Stored entries:
________________________
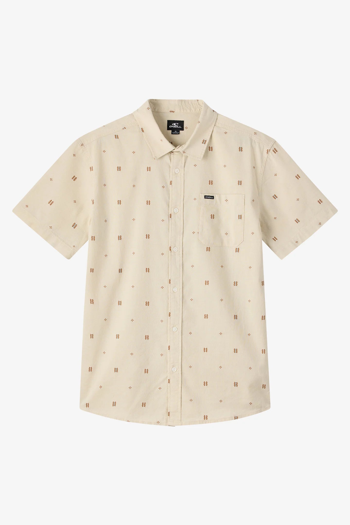 For sunshine and good times ahead. This essential button-up shirt has a front button closure, single chest pocket and allover print.
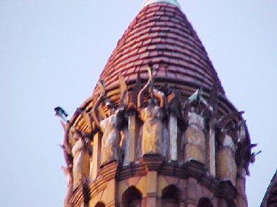 Terra cotta angels atop Seventh Day Baptist Church summon all to the Judgment Day. (Photo by Dan Damon) |
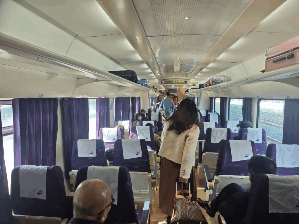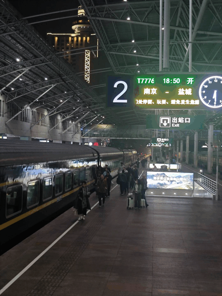 早晨9时,坐T7778次车前往南京。比起此前所坐硬座绿皮,这列车环境颇好,有动车之风。
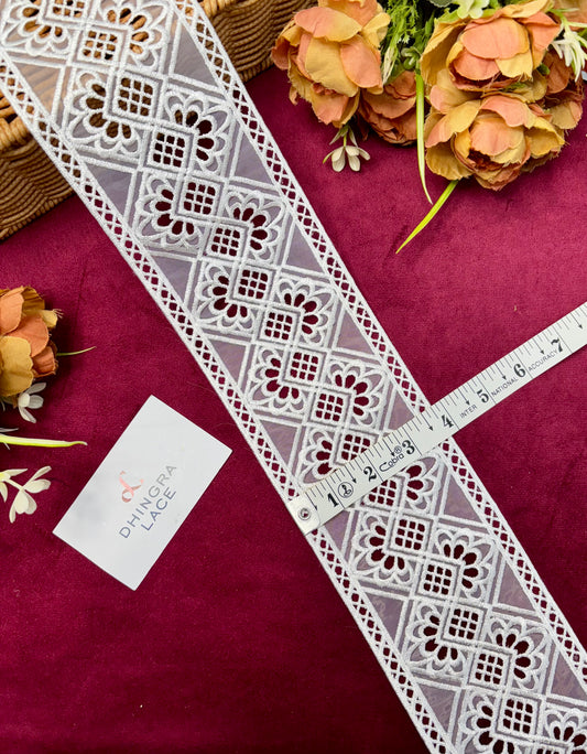 Beautiful Organza Based 3 Inches Broad Lace White 180125/ 260225
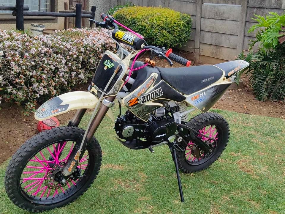 Big wheel Bigboy zooka crf 125 * New Grips. * New wheel straws. * All Brakes working 100%. * New Airfilter. * Seat is still in good condition ( No Tears ). 📌 Situated in Springs East Rand Gauteng 📌 📱 whatsapp on 0⃣8⃣3⃣ 3⃣0⃣6⃣ 1⃣0⃣2⃣3⃣ For more info ‼️Please note this is a offroad bike‼️
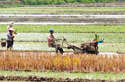 ■受全球暖化日益加劇,以及耕地日漸減少等因素的影響,中國糧食將面臨減產威脅。圖為廣西田東縣農民在田間耕種。資料圖片
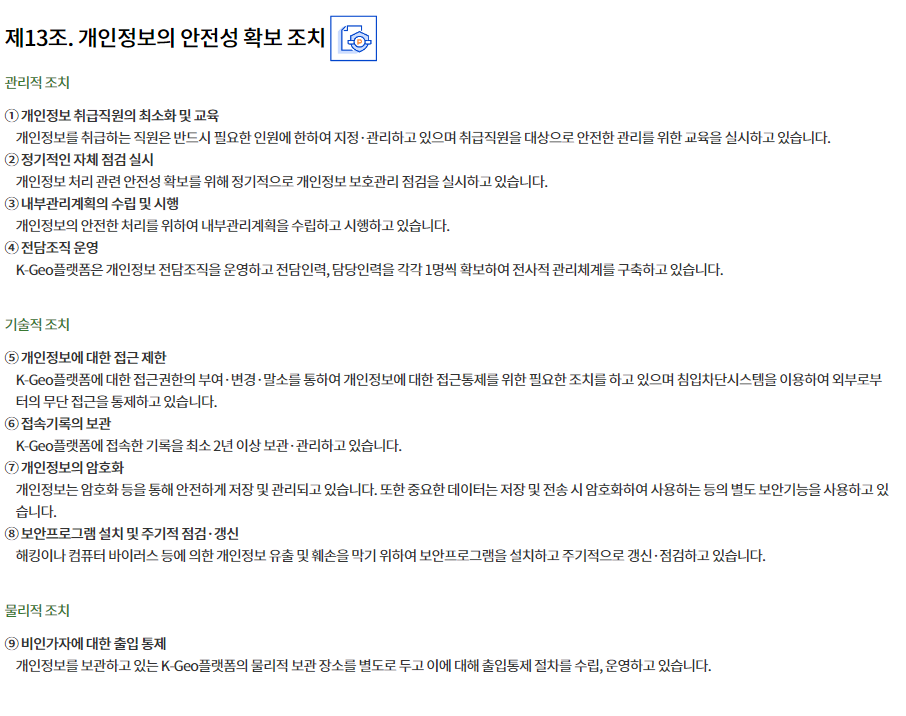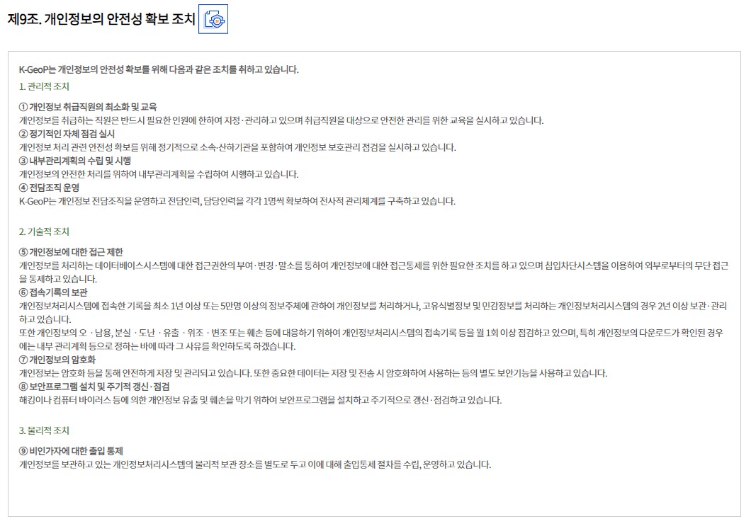 - K-GeoP는 개인정보의 안전성 확보를 위해 다음과 같은 조치를 취하고 있습니다.
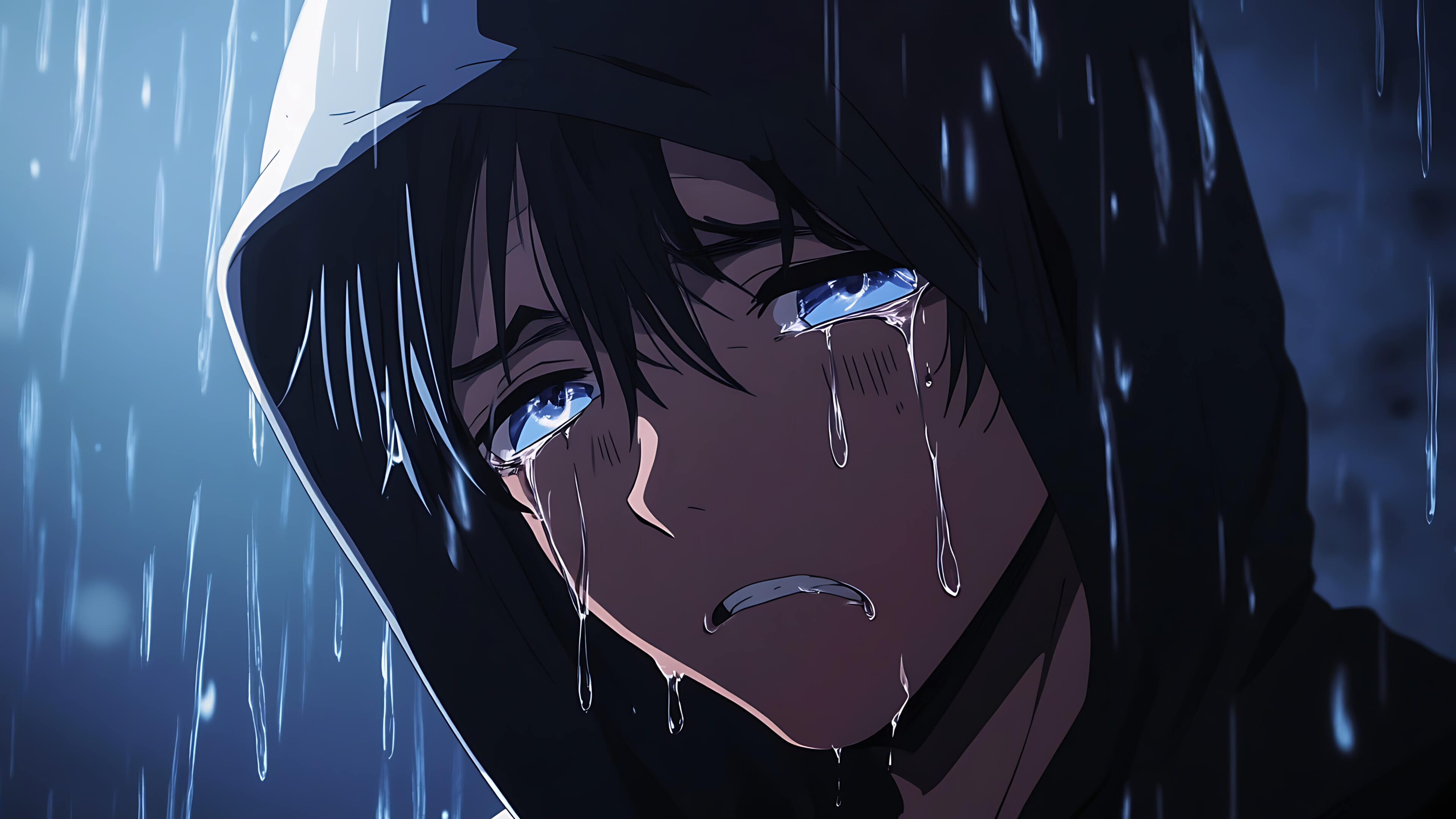 Anime-style illustration of a crying boy in a hoodie standing in the rain with tear-filled blue eyes and a sorrowful expression.
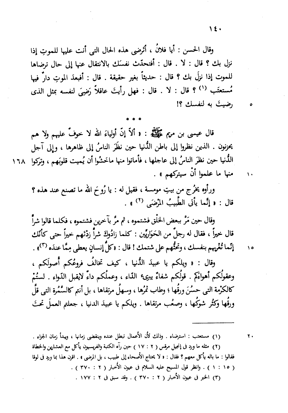 وقال الحسن أبا فلان اترضى هذه الحال التي انت عليها للموت اذا نزل بك قال لا قال أفتحدث نفسك بالانتقال عنها الى حال ترضاها للموت اذانزل بكقال حديثا بغير حقيقة قال أفبعد الموت دار فيها مستعتب قال لا قال فهل رأيت عاقلا رضي لنفسه بمثل الذي رضيت به لنفسك
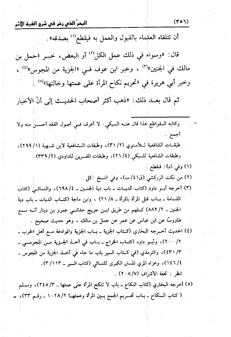 قال: "وسواء في ذلك عمل الكل (¬2) أو البعض، خبر "حمل بن مالك في الجنين" (¬3)، وخبر ابن عوف في "الجزية من المجوس" (¬4)، وخبر أبي هريرة في "تحريم نكاح المرأة على عمتها وخالتها" (¬5).
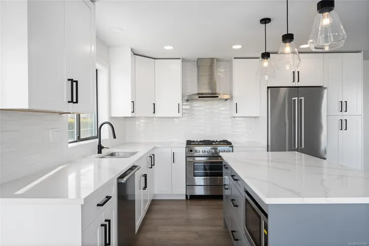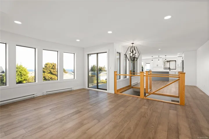 Renovated Ocean View Home in Prestigious North Nanaimo. This modern family home is just steps from Invermere and Blueback Beaches, with all the best urban amenities less than five minutes away. Offering multiple outdoor spaces to enjoy all four West Coast seasons. The main level is open concept with custom kitchen cabinetry, quartz counters and engineered hardwood floors flowing into the living room. There are three bedrooms and 2 renovated bathrooms on the main, including the primary with 3 piece en-suite offering a custom walk in tile shower.The lower level provides an unauthorized bachelor suite that could be opened back up the main or used as a mortgage helper or family member. The exterior has been hardi-plank sided and decking redone. There are also multiple storage areas and both units have their own laundry. Photos from prior to tenancy.All measurements are approximate and should be verified if important to the buyer.
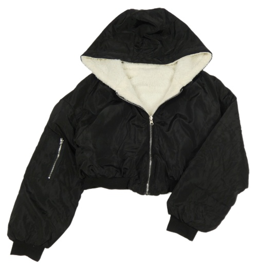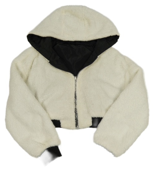 Smetanová kožešinová zateplená oboustranná crop bunda s kapucí
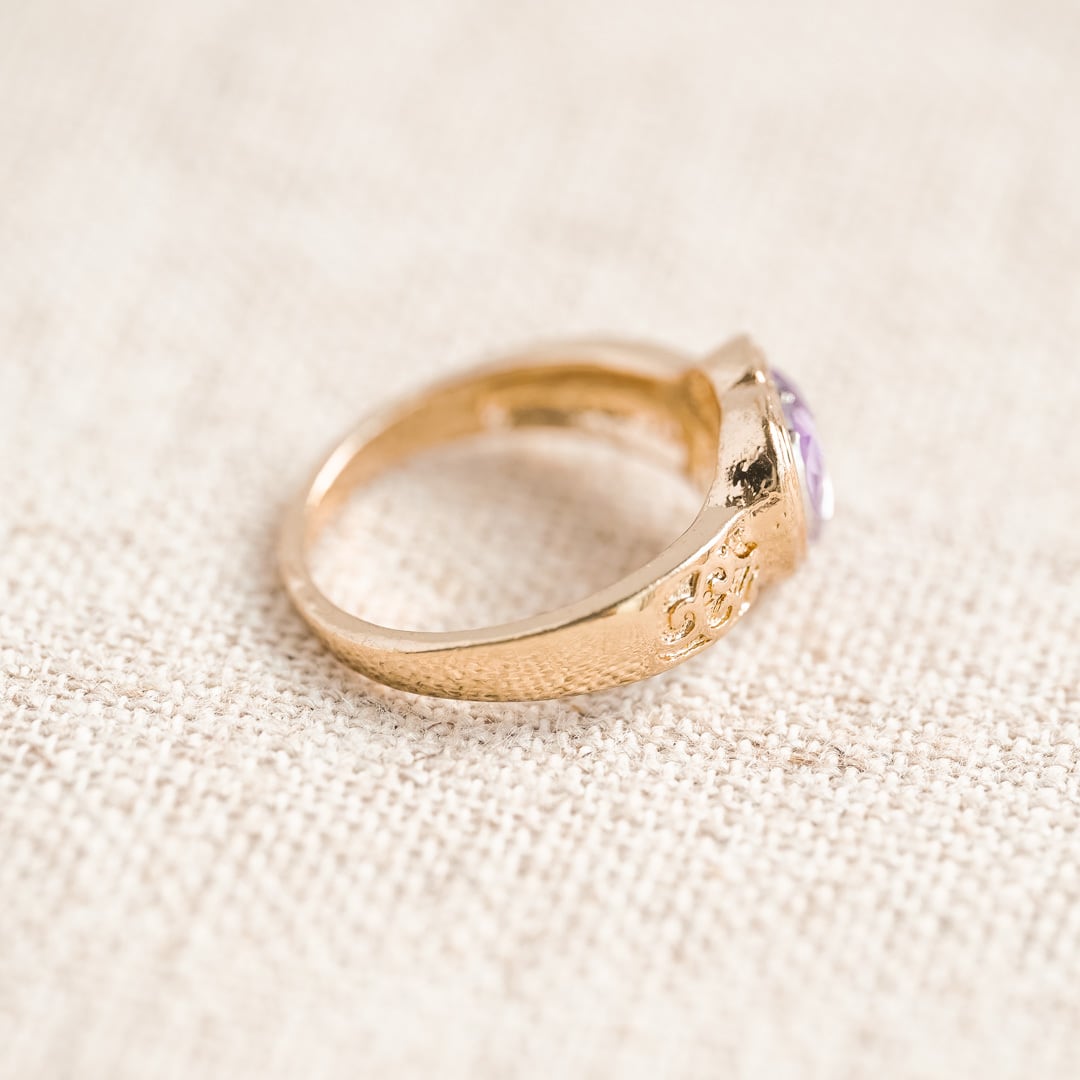 This vintage ring strikes a beautiful balance — a heart motif that feels refined rather than sweet, glowing with a quiet sophistication. The translucent purple stone catches the light gently, adding a serene radiance to the hand.
________________________
Find the line with "Renovated Ocean View". Return it and each line after it through the end of the data, exactly, without pictures.

--- Solution for this task ---
 Renovated Ocean View Home in Prestigious North Nanaimo. This modern family home is just steps from Invermere and Blueback Beaches, with all the best urban amenities less than five minutes away. Offering multiple outdoor spaces to enjoy all four West Coast seasons. The main level is open concept with custom kitchen cabinetry, quartz counters and engineered hardwood floors flowing into the living room. There are three bedrooms and 2 renovated bathrooms on the main, including the primary with 3 piece en-suite offering a custom walk in tile shower.The lower level provides an unauthorized bachelor suite that could be opened back up the main or used as a mortgage helper or family member. The exterior has been hardi-plank sided and decking redone. There are also multiple storage areas and both units have their own laundry. Photos from prior to tenancy.All measurements are approximate and should be verified if important to the buyer.
 Smetanová kožešinová zateplená oboustranná crop bunda s kapucí
 This vintage ring strikes a beautiful balance — a heart motif that feels refined rather than sweet, glowing with a quiet sophistication. The translucent purple stone catches the light gently, adding a serene radiance to the hand.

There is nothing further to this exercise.